1. A method for decoupling and distributing metadata of a distributed file system is characterized by comprising the following steps:

s1: separating metadata of the distributed file system to obtain metadata of a directory, metadata of a directory entry and metadata of a file;

s2: setting the metadata of the directory at a directory inode;

s3: dividing each directory entry according to the distribution condition of the files, storing the directory entries related to the directory entries in the nodes stored in the files, and establishing a reverse index pointing to the metadata of the directory;

further comprising: when a file or a directory is created, creating all directory entries containing a parent directory path of the file or the directory at a node where the file or the directory is created; if all or part of the directory entry has already been created at that node, the remaining directory entries are created.

2. The method of claim 1, wherein the directory operations include creating a directory, deleting a directory, reading a directory, obtaining all metadata of a directory, changing a user group in which the directory is located, and changing a user to which the directory belongs.

3. The method for decoupled distribution of distributed file system metadata according to claim 1, further comprising:

providing an identification of a globally unique certain file;

calculating the hash value of the global identification of the file to be accessed;

and positioning the nodes stored by the metadata according to the hash value.

4. The method of claim 3, wherein the identifier is a complete path of the file.

5. The method for decoupled distribution of distributed file system metadata according to claim 1, further comprising:

when a file is deleted, deleting the metadata of the node where the file is located and the directory entry metadata corresponding to the node where the file is located to point to the entry of the file.

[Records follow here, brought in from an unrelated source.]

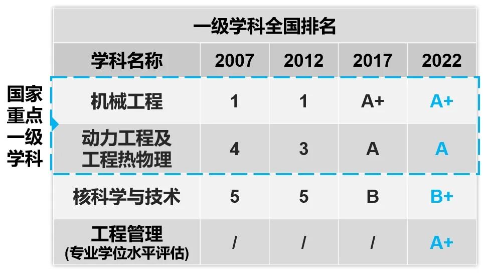 在全国学科评估中,机械工程学科连续四次位列首位或A+,动力工程及工程热物理学科获评A档;2024年,机械工程学科在QS世界大学学科排名中名列第21名。
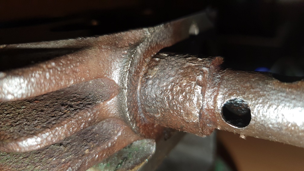 I think it's just the picture making it look bent - maybe due to teh left hand threads adn the lines in the cardboard. Checking it front on it certainly looks straight. A couple more picture of the crack - doesn't seem to run very deep and doesn't show at the end of the threaded end at all
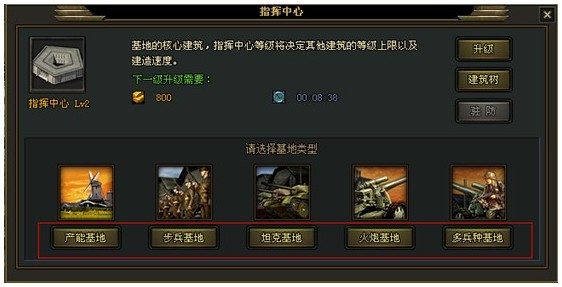 坦克基地:能增加坦克招募队列最多达到5条,总队列数达到8条,但对黄金产量没有任何提升;
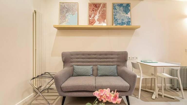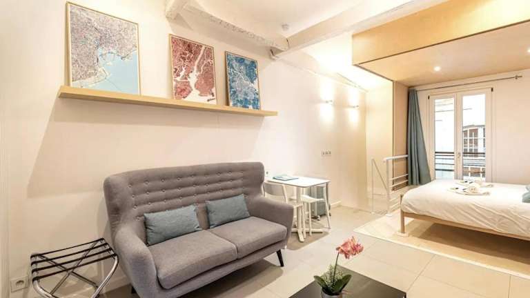 GuestReady - Modern Studio 1min Charonne Metro ist eine moderne Ferienwohnung, die mit einem TV ausgestattet ist und eine einladende Atmosphäre bietet.
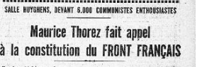 Mais en Juillet 1936, Maurice Thorez lançait au nom du Parti communiste un appel à la formation du Front des Français, déplaçant largement vers le centre et la droite l’axe fondamental du Front populaire : la lutte contre le fascisme et pour le progrès social.
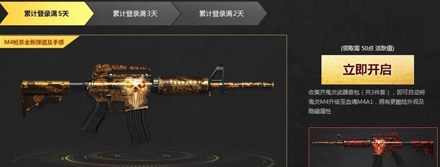 累计登录天数,还可使用活跃值直接领取游戏内的神器、神兽枪及专属永久武器:鬼炎M4(永久)。但每天仅限领取一把武器,每把武器活动期间仅限领取一次。
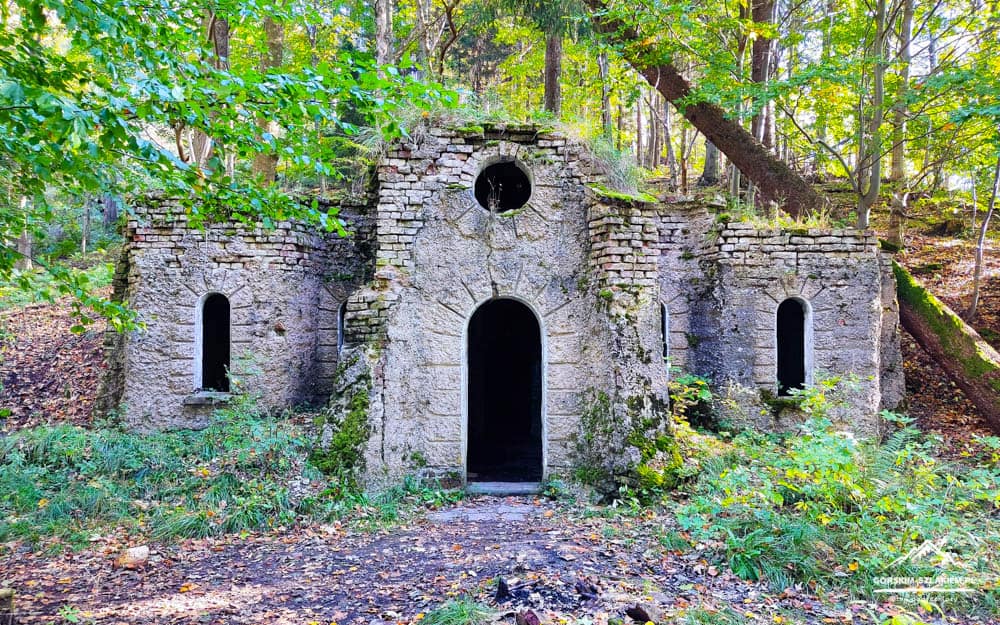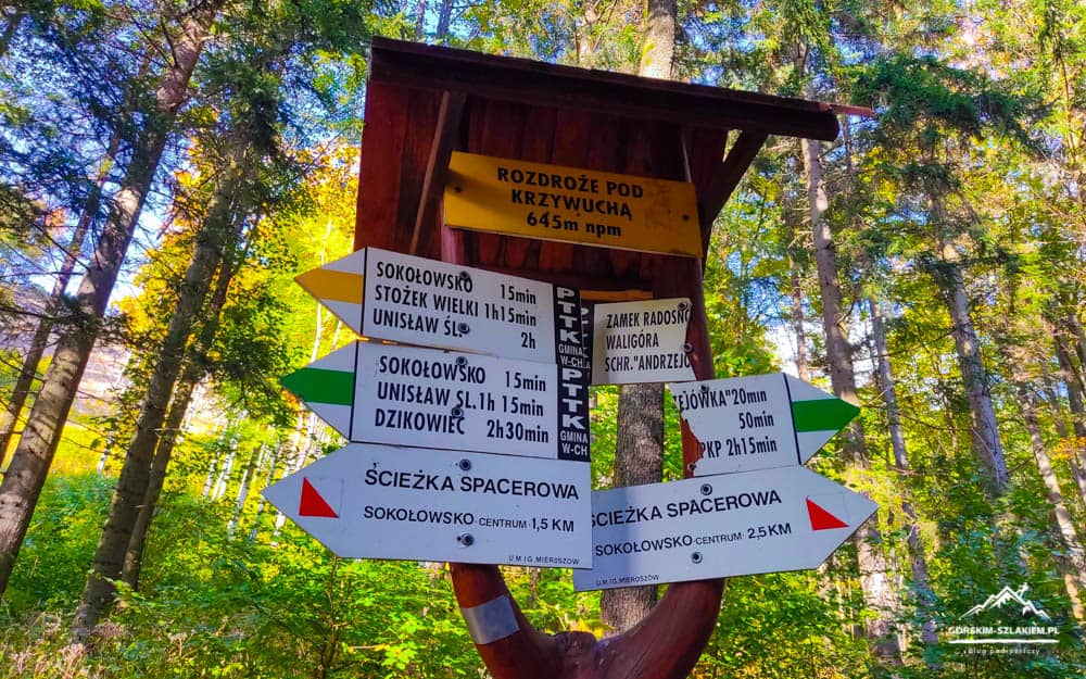 Po zwiedzaniu wszystkich atrakcji w Sokołowsku wracamy do centrum miasta i ruszamy w stronę Zamku Radosno. W tym wariancie trasy wycieczkowej na Zamek Radosno również zaprowadzi was żółty szlak turystyczny, który opuszcza Sokołowsko na wschód, w stronę schroniska Andrzejówka. W początkowym etapie marszu z Sokołowska na Zamek Radosno zmierzycie się tu z około kilometrowym odcinkiem asfaltowej drogi, która na szczęście szybko ustąpi miejsca leśnej, szutrowej drodze dojazdowej. Spacerując żółtym szlakiem z Sokołowska przy trasie wycieczki odnajdziecie też aż 12 tablic edukacyjno-przyrodniczych opowiadających wiele ciekawostek na temat Gór Kamiennych, Parku Krajobrazowego Sudetów Wałbrzyskich oraz tutejszego obszaru Natura 2000. Po pokonaniu pierwszego kilometra szutrowej drogi kontynuujcie marsz za oznaczeniami żółtego szlaku, aż dojdziecie do skrzyżowania szlaków Pod Krzywuchą. Tutaj przywita was budynek Chaty Marianka oraz zielony szlak turystyczny do Schroniska PTTK Andrzejówka. Was w tym miejscu nadal jednak interesują wyłącznie znaki żółtego szlaku, przy którym odnajdziecie już główną ścieżkę prowadzącą prosto do ruin zamku. Pokonanie ostatniego odcinka żółtego szlaku zajmuje około 15 minut czasu i zmierzycie się na nim z dość stromym podejściami i kilkoma przeszkodami terenowymi. Nie jest to jednak nic trudnego, z czym moglibyście sobie nie poradzić i po chwili wspinaczki będziecie już zwiedzać teren Zamku Radosno.
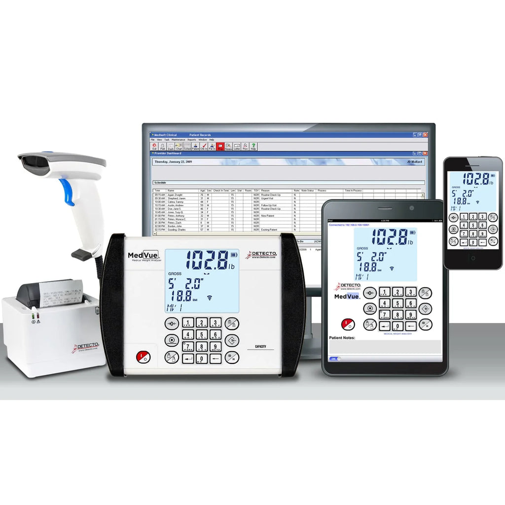 The Detecto MedVue Medical Weight Analyzer works with select scales (including wheelchair, bariatric, and stretcher scales) to make them EMR/EHR capable.
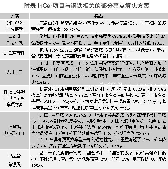 汽車解決方案。InCar項目(2008財年~2012財年)為汽車提供了車身、動力系統和底盤的創新解決方案,是蒂森克虜伯有史以來規模最大的汽車工程創新研發項目。自2009年啟動以來,蒂森克虜伯在歐洲和亞洲的14家工廠中開展項目研發,取得了30多項創新成果,引領了汽車結構的創新。其中InCar項目關于鋼鐵技術的部分亮點解決方案如附表所示。

6. The method for decoupled distribution of distributed file system metadata according to claim 1, further comprising:

when a read directory or delete directory operation is performed, all metadata nodes are accessed to obtain all directory entries under the read directory or delete directory.

7. The method for decoupled distribution of distributed file system metadata according to claim 1, further comprising:

providing a client cache, wherein the directory metadata cached by the client is used for determining whether the client has the authority of creating the file when the client creates the file;

when the client accesses the metadata of the file, the client accesses the metadata of the directory to acquire access authority;

when the client has access rights, metadata of the file is accessed.

8. The method for decoupled distribution of distributed file system metadata according to claim 7, further comprising:

and when the cache of the catalog metadata client fails, the permission of the catalog metadata is changed and the catalog is deleted.